-- Task details --
Output must consist only of the lines of the material below from the one with "Aquatech Shoe – £42" through the one with "Bedrock Stratigraphy and", each reproduced exactly; no pictures belong in it.

BEGIN Material supplied

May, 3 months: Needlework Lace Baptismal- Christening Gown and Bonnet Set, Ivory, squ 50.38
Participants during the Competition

END Material supplied
BEGIN Material supplied

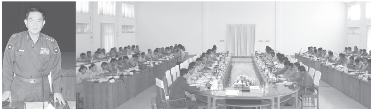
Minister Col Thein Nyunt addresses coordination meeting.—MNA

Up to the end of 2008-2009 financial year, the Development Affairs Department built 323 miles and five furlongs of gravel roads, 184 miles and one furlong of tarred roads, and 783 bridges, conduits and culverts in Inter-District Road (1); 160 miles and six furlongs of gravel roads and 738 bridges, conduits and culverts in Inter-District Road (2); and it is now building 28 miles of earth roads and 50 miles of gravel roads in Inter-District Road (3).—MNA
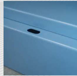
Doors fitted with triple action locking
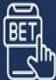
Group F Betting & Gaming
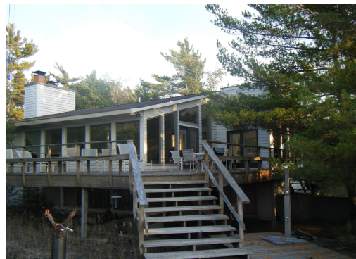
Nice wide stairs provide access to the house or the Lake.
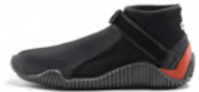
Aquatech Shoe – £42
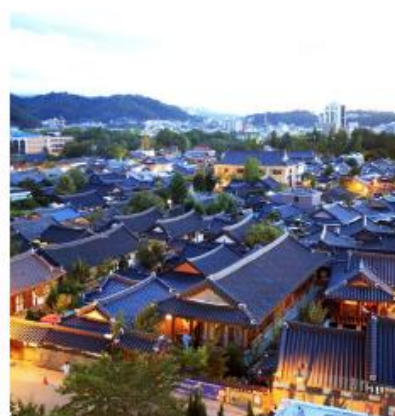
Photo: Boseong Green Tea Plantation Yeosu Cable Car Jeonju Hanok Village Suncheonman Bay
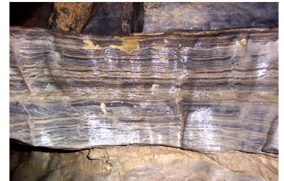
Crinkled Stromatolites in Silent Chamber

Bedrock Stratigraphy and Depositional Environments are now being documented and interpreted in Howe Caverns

END Material supplied

-- Expected answer --
Aquatech Shoe – £42
Photo: Boseong Green Tea Plantation Yeosu Cable Car Jeonju Hanok Village Suncheonman Bay
Crinkled Stromatolites in Silent Chamber

Bedrock Stratigraphy and Depositional Environments are now being documented and interpreted in Howe Caverns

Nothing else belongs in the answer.